Surely British charities should look around at their volunteers, and pay them, instead of employing consultants? Volunteers are the people who know what is needed, and many are very effective campaigners: they are involved – they know what cancer is, and what is wanted. Most of us have learnt to be articulate whilst fighting for treatment, and are much more effective than a consultant whose basic knowledge is based on theory, not practice.

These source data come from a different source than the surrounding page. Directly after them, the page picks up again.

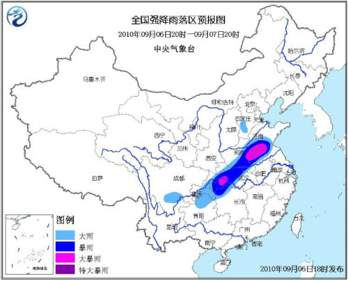 中新網9月7日電 據中國氣象局網站報道,6日,中國黃河流域到長江流域之間的大部分地區出現明顯降雨天氣。預計,6日夜間到7日白天,河南、安徽、江蘇及湖北局地將有大暴雨。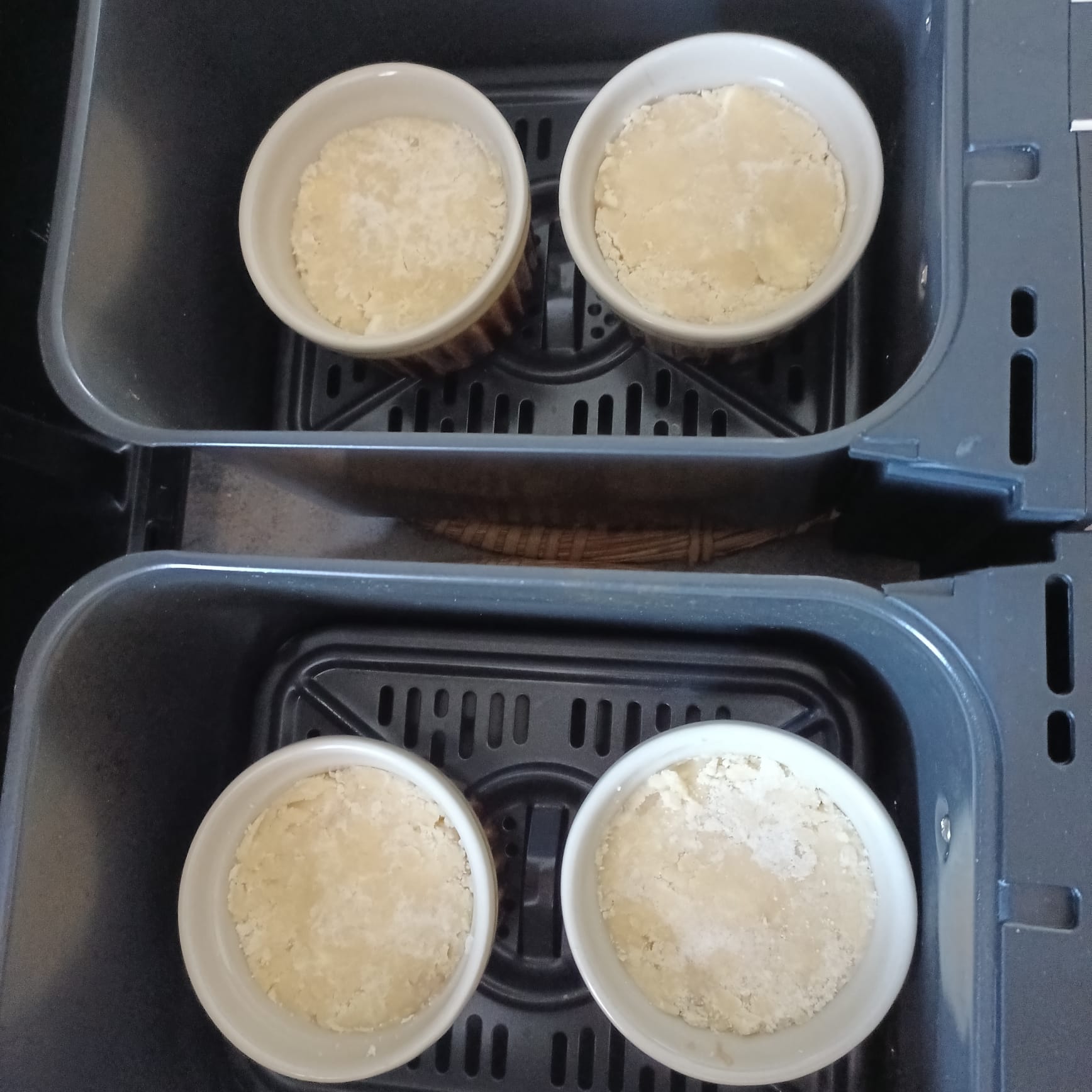 Mélanger les ingrédients de la pâte à crumble et la déposer sur tous les ramequins.
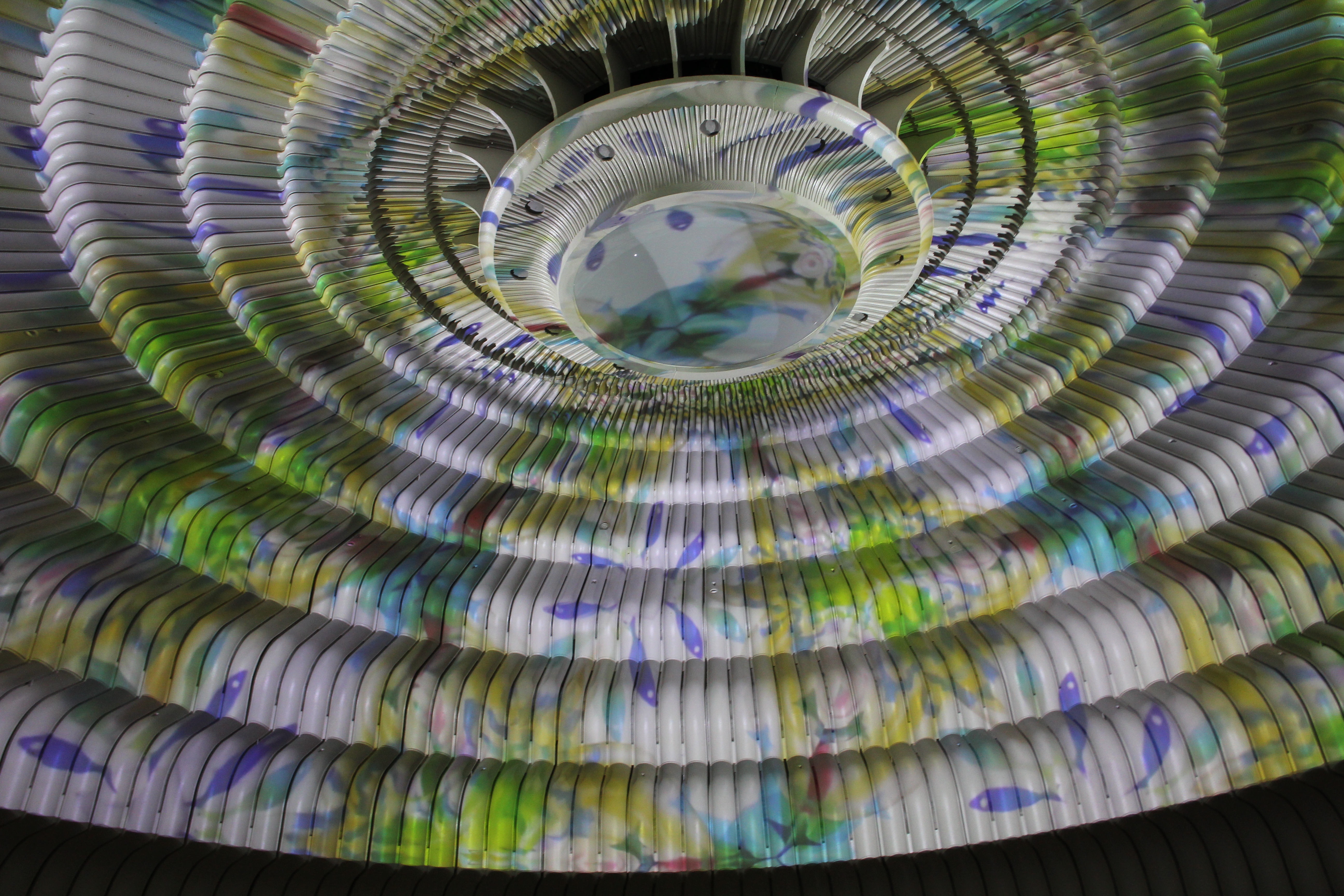 관내 지도가 이런 식으로 되어 있는데, 왼쪽 아래가 가장 처음 입장하는 엔트란스입니다. 천장에 만화경처럼 화려한 영상을 내뿜고 있는 곳이, 세 칸의 에스컬레이터를 올라간 원형 홀이죠. 그러고도 조금 더 에스컬레이터를 올라가서 드디어 '본관 2층'의 전시실에 도착합니다.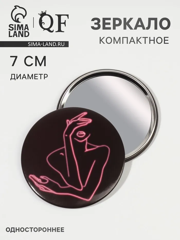 Зеркало карманное «Силуэт», d=7 см, PVC - коробка, чёрное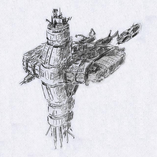 Starship model for Squadron: A Star Trak Fan Production. Model made to closely resemble a physical model used in the production of the TV show.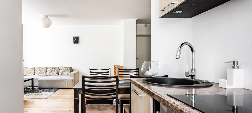 külmkapp, köögimööbel, avatud köök, pesumasin, dušš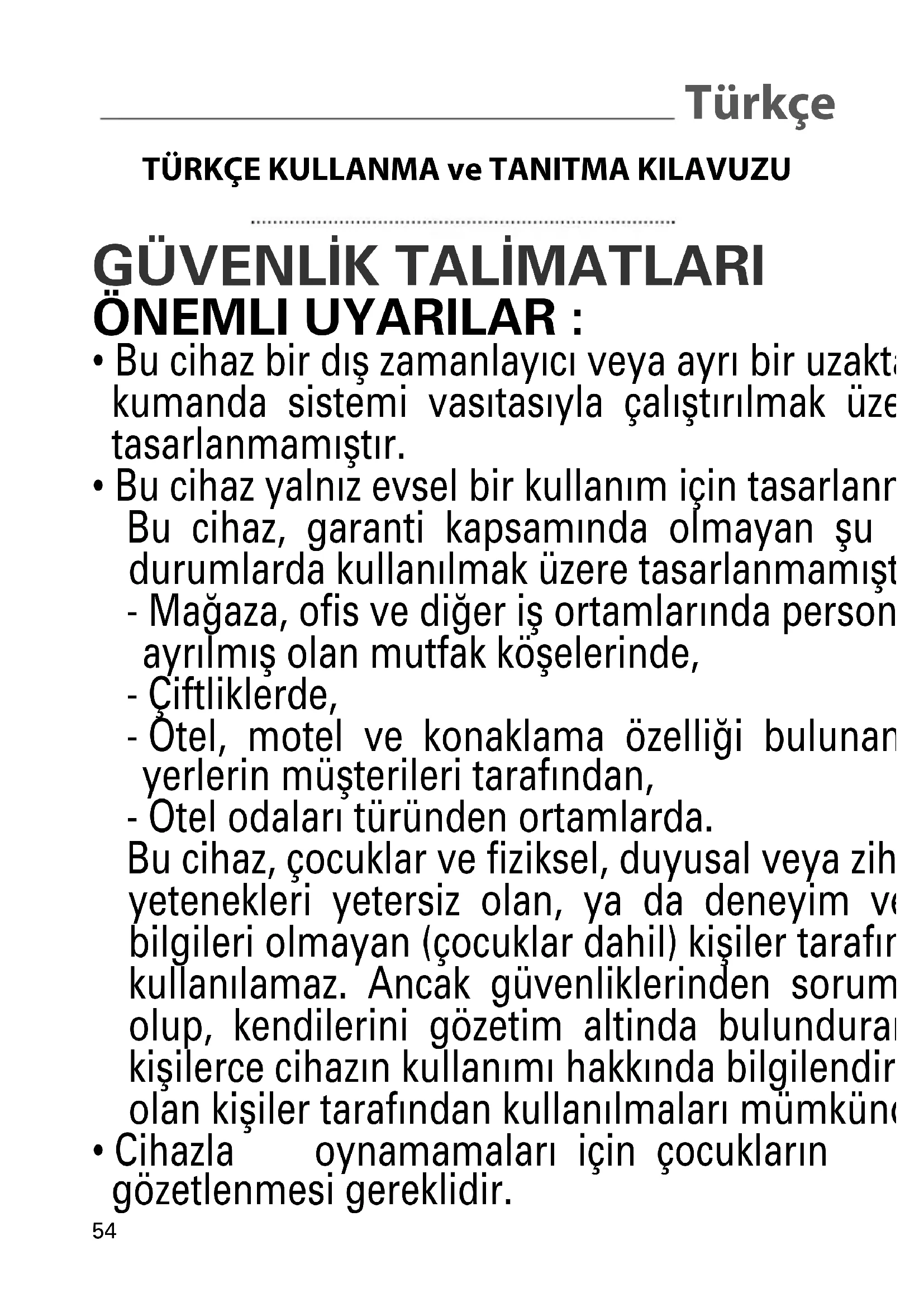 - Bu cihaz yalnız evsel bir kullanım için tasarlanmıştır. Bu cihaz, garanti kapsamında olmayan şu durumlarda kullanılmak üzere tasarlanmamıştır: - Mağaza, ofis ve diğer iş ortamlarında personele ayrılmış olan mutfak köşelerinde, - Çiftliklerde, - Otel, motel ve konaklama özelliği bulunan yerlerin müşterileri tarafından, - Otel odaları türünden ortamlarda. Bu cihaz, çocuklar ve fiziksel, duyusal veya zihinsel yetenekleri yetersiz olan, ya da deneyim ve bilgileri olmayan (çocuklar dahil) kişiler taraf6ndan kullan6lamaz. Ancak güvenliklerinden sorumlu olup, kendilerini gözetim altinda bulunduran kişilerce cihaz6n kullan6m6 hakk6nda bilgilendirilmiş olan kişiler taraf6ndan kullan6lmalar6 mümkündür.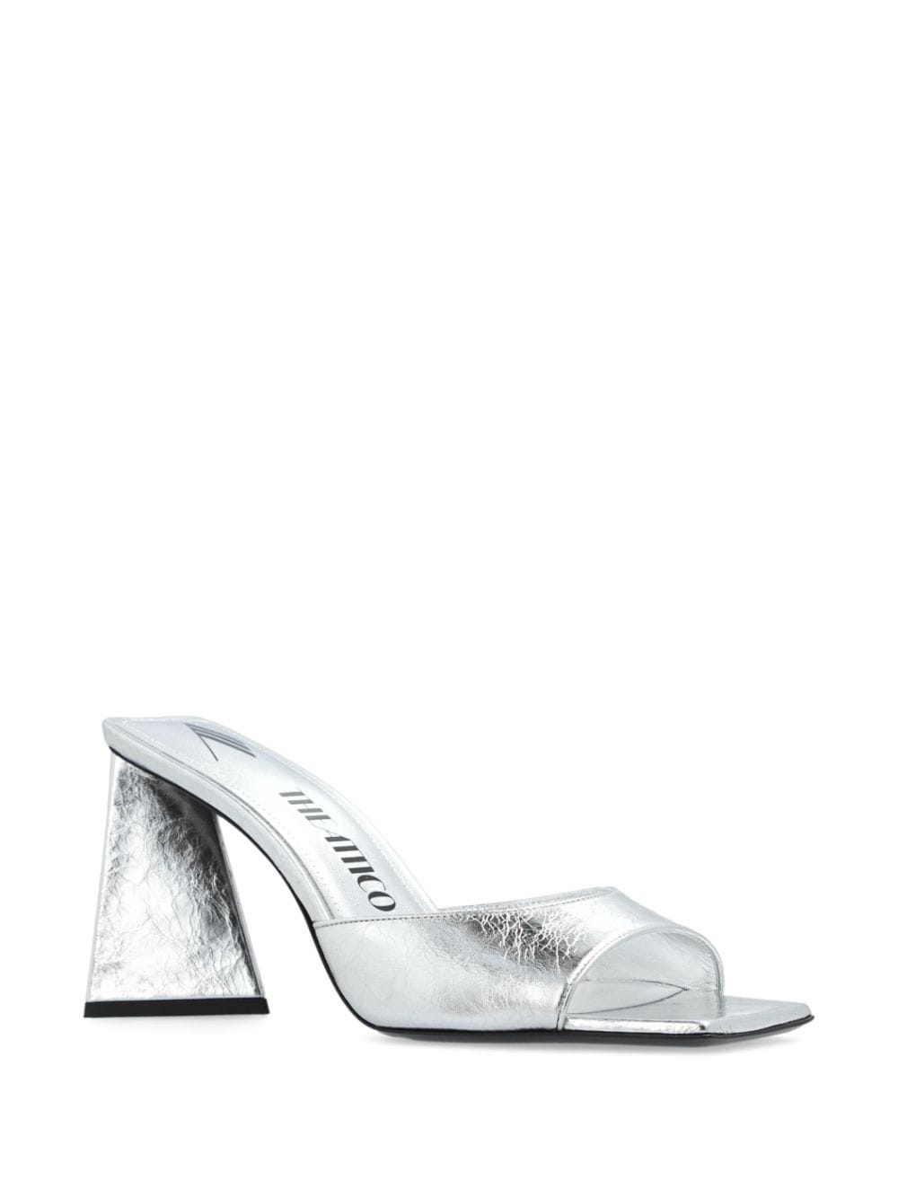 Finitura in pelle di vitello in argento Effetto metallico Effetto metallico quadrato marchiato marchiato in pelle in pelle in pelle slip-on in stile slip-on-slip-on da 85 mm tallone scolpito

I give warning that the next day course I attend run by a charity who has employed an outside Consultancy team, hired at vast expense, who use ‘training by rote’ and copy trendy ideas for ‘getting your audience involved’ is going to be in the epicentre of an erruption – caused by me. I am not putting up with another a training day that started by asking a roomful of dedicated, knowledgeable campaigners who meet frequently on committees, to “stand up and tell us what you would put in your suitcase”. This nonsense is liable to have a controlled explosion on its hands. Me!
This is one of a raft of tricks used by consultant trainers to get everyone talking!! Any cancer patient would know we don’t need excuses to talk! If we have given up a day to help, we want to get on – not waste time.
Westminster Fly-In
But I shall be at the Westminster Fly-In – because the time we spend on this campaign is effective, and a good stepping stone to getting better care and improvement in cancer services. Fellow campaigners have got their MPs involved and working for the cause – because MPs don’t need trendy-speak – they want solid facts.
Two years ago I was involved with another charity at the start of the National Cancer Survivorship Initiative (NCSI). 24 months later, it is still in the jaw-jaw doldrums. As it is funded by the NHS there isn’t any urgency, except amongst survivors who are fed up with poor care, and if they can afford it go off to European medical spas. The NCSI doesn’t have to report until 2012! but I can’t wait that long to find out what I should be doing to survive after-effects of cancer drugs.
For report on last year’s Westminster Fly-in, and to get involved, see : http://after-cancer.com/cancer-news-latest/how-to-lobby-an-mp/
Survivorship – will help improve out statistics
It is no good a doctor telling us at a Macmillan conference, “ten years after diagnosis 60% of patients are still suffering from side effects of cancer drugs”, if we don’t get help now.
Helping us stay on hormonal drugs (as they do in Europe) will raise survival rates, and improve our quality of life – rather than knowing we come off the hormonal drugs course because of side effects, but doing nothing to help us stay on.
I want to leave off being a statistic, and get my after-side-effects under control. If anyone feels they can’t wait either, do post a comment below.
For more information on recent Cancer Stats see article from BMJ: http://www.bbc.co.uk/news/health-10944826
However, remember what Dilnot says and take the statistical table shown in this article with a pinch of salt. I have been in Romanian hospitals, and have great admiration for their doctors and their training. However, the country is poor, and I would question that their survival rate would be what is reported – UNLESS – as they can’t afford expensive drugs, would we be better off ditching drugs for our treatment? Makes you wonder.